→ What the task asks: All of the records are to be reproduced exactly.

BEGIN Information shown

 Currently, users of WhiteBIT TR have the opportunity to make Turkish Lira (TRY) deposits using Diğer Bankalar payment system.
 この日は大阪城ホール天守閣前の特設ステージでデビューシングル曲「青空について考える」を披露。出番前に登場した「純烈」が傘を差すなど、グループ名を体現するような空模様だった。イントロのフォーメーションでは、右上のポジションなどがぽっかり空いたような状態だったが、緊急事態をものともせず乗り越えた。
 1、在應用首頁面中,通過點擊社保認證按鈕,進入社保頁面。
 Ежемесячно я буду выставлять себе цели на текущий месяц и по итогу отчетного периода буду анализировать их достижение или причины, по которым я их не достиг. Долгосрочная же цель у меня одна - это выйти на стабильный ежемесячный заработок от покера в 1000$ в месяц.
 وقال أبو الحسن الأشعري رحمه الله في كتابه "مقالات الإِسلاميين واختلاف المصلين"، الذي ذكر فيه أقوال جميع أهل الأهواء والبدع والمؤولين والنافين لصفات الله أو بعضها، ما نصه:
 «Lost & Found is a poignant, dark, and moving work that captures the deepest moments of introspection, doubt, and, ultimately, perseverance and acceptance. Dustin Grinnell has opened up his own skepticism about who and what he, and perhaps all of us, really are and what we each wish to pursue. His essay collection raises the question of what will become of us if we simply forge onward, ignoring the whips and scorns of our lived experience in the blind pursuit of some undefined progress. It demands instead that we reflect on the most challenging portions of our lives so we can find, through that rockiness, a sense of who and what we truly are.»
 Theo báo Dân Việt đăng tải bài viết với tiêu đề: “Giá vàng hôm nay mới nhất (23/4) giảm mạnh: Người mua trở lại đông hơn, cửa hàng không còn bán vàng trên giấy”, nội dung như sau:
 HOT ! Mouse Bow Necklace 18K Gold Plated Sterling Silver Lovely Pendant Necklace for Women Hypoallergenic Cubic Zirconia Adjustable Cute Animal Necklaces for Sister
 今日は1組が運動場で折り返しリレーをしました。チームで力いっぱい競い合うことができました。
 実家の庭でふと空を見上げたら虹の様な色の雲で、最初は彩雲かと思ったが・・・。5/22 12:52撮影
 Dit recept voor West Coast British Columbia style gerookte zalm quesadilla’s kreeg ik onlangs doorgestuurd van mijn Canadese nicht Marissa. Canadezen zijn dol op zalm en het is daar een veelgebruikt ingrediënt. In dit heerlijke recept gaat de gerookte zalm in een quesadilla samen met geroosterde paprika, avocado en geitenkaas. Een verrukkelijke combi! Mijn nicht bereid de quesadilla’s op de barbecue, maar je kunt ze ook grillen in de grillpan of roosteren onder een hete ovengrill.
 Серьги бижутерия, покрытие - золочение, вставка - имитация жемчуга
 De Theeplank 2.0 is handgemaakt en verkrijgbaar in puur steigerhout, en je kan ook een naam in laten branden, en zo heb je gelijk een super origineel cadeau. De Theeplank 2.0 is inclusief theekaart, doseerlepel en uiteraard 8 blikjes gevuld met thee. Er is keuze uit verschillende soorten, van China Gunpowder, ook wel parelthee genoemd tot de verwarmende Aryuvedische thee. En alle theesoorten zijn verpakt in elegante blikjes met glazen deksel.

END Information shown

→ Exercise result:
 Currently, users of WhiteBIT TR have the opportunity to make Turkish Lira (TRY) deposits using Diğer Bankalar payment system.
 この日は大阪城ホール天守閣前の特設ステージでデビューシングル曲「青空について考える」を披露。出番前に登場した「純烈」が傘を差すなど、グループ名を体現するような空模様だった。イントロのフォーメーションでは、右上のポジションなどがぽっかり空いたような状態だったが、緊急事態をものともせず乗り越えた。
 1、在應用首頁面中,通過點擊社保認證按鈕,進入社保頁面。
 Ежемесячно я буду выставлять себе цели на текущий месяц и по итогу отчетного периода буду анализировать их достижение или причины, по которым я их не достиг. Долгосрочная же цель у меня одна - это выйти на стабильный ежемесячный заработок от покера в 1000$ в месяц.
 وقال أبو الحسن الأشعري رحمه الله في كتابه "مقالات الإِسلاميين واختلاف المصلين"، الذي ذكر فيه أقوال جميع أهل الأهواء والبدع والمؤولين والنافين لصفات الله أو بعضها، ما نصه:
 «Lost & Found is a poignant, dark, and moving work that captures the deepest moments of introspection, doubt, and, ultimately, perseverance and acceptance. Dustin Grinnell has opened up his own skepticism about who and what he, and perhaps all of us, really are and what we each wish to pursue. His essay collection raises the question of what will become of us if we simply forge onward, ignoring the whips and scorns of our lived experience in the blind pursuit of some undefined progress. It demands instead that we reflect on the most challenging portions of our lives so we can find, through that rockiness, a sense of who and what we truly are.»
 Theo báo Dân Việt đăng tải bài viết với tiêu đề: “Giá vàng hôm nay mới nhất (23/4) giảm mạnh: Người mua trở lại đông hơn, cửa hàng không còn bán vàng trên giấy”, nội dung như sau:
 HOT ! Mouse Bow Necklace 18K Gold Plated Sterling Silver Lovely Pendant Necklace for Women Hypoallergenic Cubic Zirconia Adjustable Cute Animal Necklaces for Sister
 今日は1組が運動場で折り返しリレーをしました。チームで力いっぱい競い合うことができました。
 実家の庭でふと空を見上げたら虹の様な色の雲で、最初は彩雲かと思ったが・・・。5/22 12:52撮影
 Dit recept voor West Coast British Columbia style gerookte zalm quesadilla’s kreeg ik onlangs doorgestuurd van mijn Canadese nicht Marissa. Canadezen zijn dol op zalm en het is daar een veelgebruikt ingrediënt. In dit heerlijke recept gaat de gerookte zalm in een quesadilla samen met geroosterde paprika, avocado en geitenkaas. Een verrukkelijke combi! Mijn nicht bereid de quesadilla’s op de barbecue, maar je kunt ze ook grillen in de grillpan of roosteren onder een hete ovengrill.
 Серьги бижутерия, покрытие - золочение, вставка - имитация жемчуга
 De Theeplank 2.0 is handgemaakt en verkrijgbaar in puur steigerhout, en je kan ook een naam in laten branden, en zo heb je gelijk een super origineel cadeau. De Theeplank 2.0 is inclusief theekaart, doseerlepel en uiteraard 8 blikjes gevuld met thee. Er is keuze uit verschillende soorten, van China Gunpowder, ook wel parelthee genoemd tot de verwarmende Aryuvedische thee. En alle theesoorten zijn verpakt in elegante blikjes met glazen deksel.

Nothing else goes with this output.